Buffalo Detention Center/ Im/migrants work under slave labor conditions

By Tom Allia
Buffalo, N.Y.

Incarcerated im/migrants are suffering new punishments at the Buffalo Detention Center in Batavia, N.Y., where they are being detained by Immigration and Customs Enforcement (ICE) of the Department of Homeland Security. In early April, BDC made national headlines with one of the highest rates of COVID-19 infection of any prison in the country. The center operated without social distancing, masks or new cleaning procedures until mid-April.

There have been years of protest throughout central and upstate New York against the local detention and incarceration of im/migrants. Here, people are arrested at a ‘Close the Camps’ protest in Buffalo, N.Y., in July 2019.

A lawsuit filed in March against BDC and the state of New York has progressed. A federal judge has ordered the center and state courts to reverse the burden of proof for determining holding of arrestees and to offer bond more frequently and at lower costs. (tinyurl.com/y4t525z9)

A similar federal court order was made in a lawsuit against the state of Massachusetts earlier this year, which is still pending. 

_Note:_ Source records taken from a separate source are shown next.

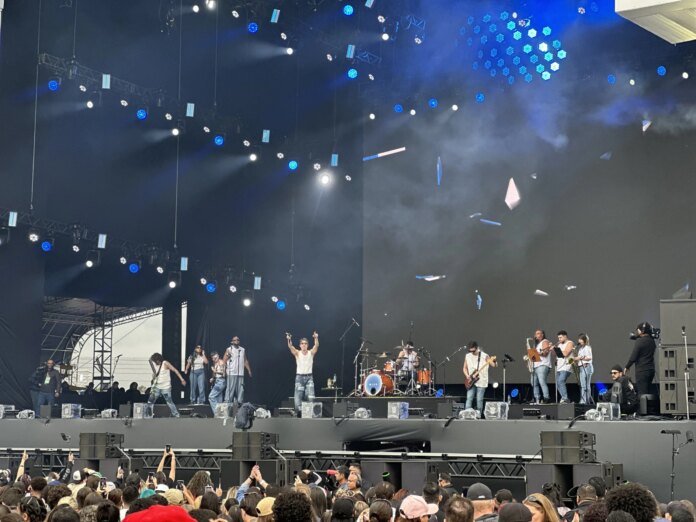 O show também teve espaço para ousadia. Surpreendeu ao transformar “Toxic”, clássico de Britney Spears, em uma versão densa, com guitarras carregadas e vocais intensos. Logo depois, arrancou sorrisos ao soltar “Bye Bye Love”, dos Backstreet Boys,uma reverência divertida à boyband americana que se apresentaria mais tarde no festival.
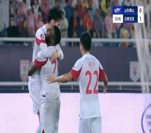 第33分鐘,云南玉昆再次打出精彩反擊,奧斯卡戲耍洛佩斯,將球送到后點,侯永永頭球破門,0:1!山東泰山占盡優(yōu)勢的情況下,意外落后了。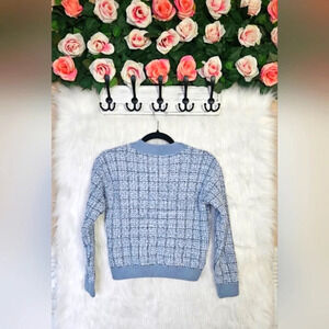 Wrap yourself in timeless elegance with this Jessica Simpson cardigan! Its soft, pastel blue hue and delicate button closure exude a touch of vintage charm. Crafted from luxurious knit fabric, this classic cropped design drapes elegantly across the shoulders, adding a feminine flair to any outfit. Perfect for layering over dresses or tops, this cardigan's subtle sophistication will elevate your everyday style. A versatile and chic addition to any wardrobe!
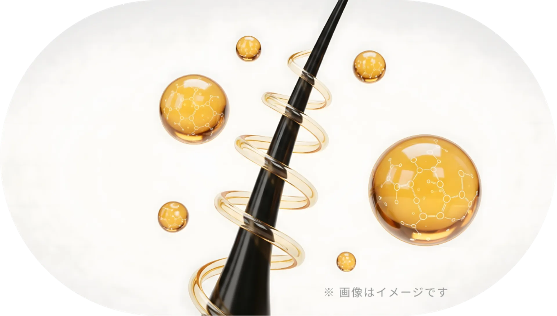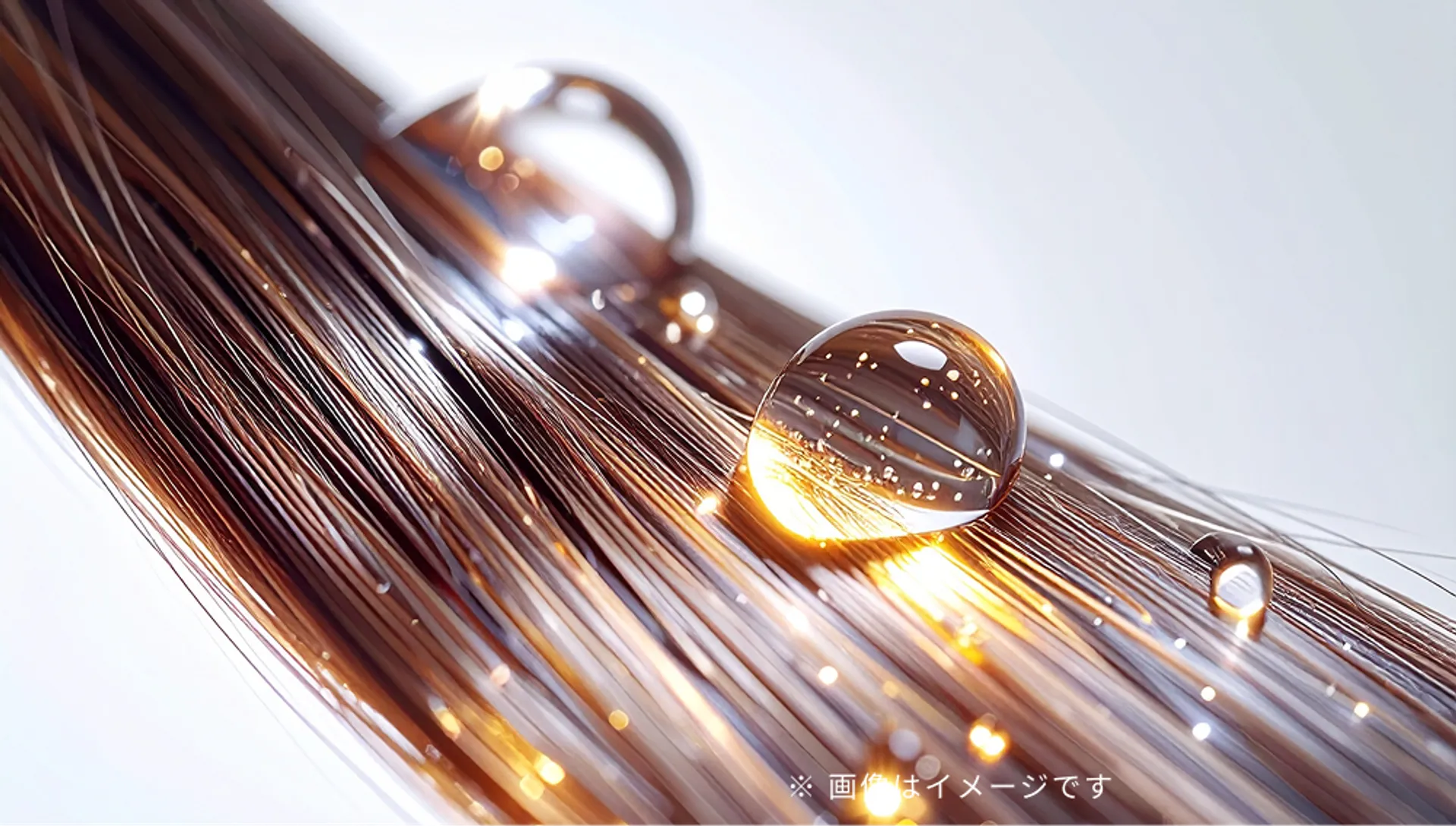 なめらか成分がキューティクルに密着し、表面の凹凸や乱れをピタッと整えます。軽やかな指通りと、しっとりとしたまとまりを両立した質感に。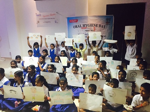 On this occasion a drawing competition was conducted with the theme “Healthy Smile is a Beautiful Smile” for the students of 5th, 6th and 7th standards at the Dakshin Kannada Zilla Panchayat Higher Primary School, Mannagudda Mangalore. A talk on ‘importance of oral hygiene’ was given by Dr. Deepa Kamath, and Dr. Swati demonstrated the brushing techniques to the children. Around 65 students participated in the drawing competition. Drawing materials for the competition was provided to the children. The best 3 drawings were given prizes. Toothpastes were distributed to the students, which was sponsored by Colgate Palmolive Pvt Ltd.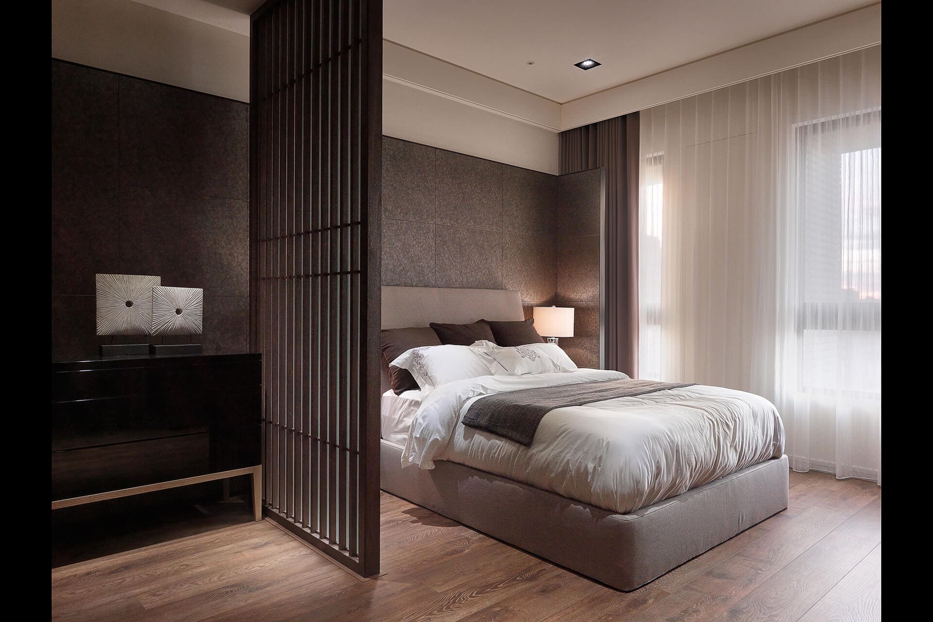 屋主將主臥室留給偶然暫住的父母親,床座和浴室之間訂製格柵屏風化解風水禁忌,也成為一道風景;屏風不靠牆,為讓床頭精緻的皮革質感能橫跨至黑色鋼烤斗櫃,使視覺美感不受切割;床頭微轉折,營造出安穩的舒眠環境;衣櫃納入電視,立面平整,呈現安定的溫潤質感。

Persons named specifically in the New York lawsuit include immigration judges Philip Montante and Mary Baumgarten. Both have denied bond to more than 95% of all arrestees who have appeared before them. The Batavia immigration court, which processes people from all over New York state, ranks third nationally for bond refusal, offering bond to only 20.9% of arrestees. The national median is 35%. Bond, if even offered, is more expensive in Batavia, with a median of $14,000 as opposed to the national median of $9,000. 

A second development is a new lawsuit filed by Dalila Yeend and Bounam Phimasone, both former detainees at the Buffalo Detention Center. They are joined by the Worker Justice Center of New York (WJCNY). The suit confronts Akima Global Services, the owners of BDC, over labor violations and low pay. (tinyurl.com/yyt27lyb)

Most detainees — 90% of them — are civilly detained, meaning there is no conviction against most of them. One of the plaintiffs of the suit, Yeend, was detained for not having a driver’s license on her person. She has legal residency in the U.S., but when she was detained, she was held for 2 1/2 months. 

The Buffalo Detention Center pays all working detainees $1 a day, regardless of hours worked, which can be as long as 12 hours. BDC does not offer hazard pay, and many of the workers are responsible for wards of people infected with COVID-19. (thebatavian.com, Sept. 4)

The main focus of this lawsuit is not the unreasonable conditions of Yeend’s initial arrest and time spent in detention, however, but BDC violations of labor law. WJCNY Legal Director Rob McCreanor states, “This is a private company that is contracting with the federal government and is making a lot of money off that contract. That is in part due to the free labor that they are getting from immigrants in civil detentions [who] aren’t prisoners serving terms for crimes — they are immigrants who are detained waiting a resolution for a civil immigration matter. It’s a gross violation of their rights.” (wjcny.org, Sept. 4)

Work at BDC is coerced in a parallel to forced slave labor. Detainees who do not work are frequently placed in solitary confinement, or partial solitary, meaning less than 23 hours alone. And they are placed in solitary without reading material or any other means to occupy themselves. 

Work is doubly coercive because BDC allocates detainees the bare minimum of needed items including hygiene products and vitamins, while their needs are more pressing during the pandemic. Detainees are restricted to an expensive private commissary to meet their basic needs. A small shampoo at the commissary is $5. Food from the vending machines can be $5-$10. Deodorant is $10. 

Phone calls start at $3 and increase per minute. The phone is of critical importance, because detainees need to be able to communicate with lawyers for court cases and with their families if they are offered release. If they cannot communicate due to lack of funds, their cases or release may be seriously delayed. 

Detainees who are released from BDC are taken to a Citgo station at the New York State Thruway exit for Batavia. This is technically a bus stop for Greyhound Bus Lines, but released detainees are not usually given any cash to buy tickets. While detainees are legally owed the means to transport themselves home, for someone to admit they do not have means for transport often results in a longer stay. 

Detainees are typically dropped off late in the morning, after the two morning buses have passed, so they have to wait almost all day for the next bus. But people waiting for the bus are not permitted to wait inside the gas station, and there is no bus shelter. This becomes a very dangerous situation during inclement weather, especially in the brutally cold upstate New York winters.

Local activist groups including Justice for Migrant Families and local churches try to meet detainees at the bus stop. They offer backpacks with basic supplies and sanitary products, as well as rides to where released people need to go. But the groups do not have the resources to maintain a constant presence at the bus stop. 

When the Investigative Post, a Buffalo based nonprofit, wrote an April exposé on the practice of abandoning former detainees, ICE denied everything in the article — but did not provide any evidence to refute the dire facts.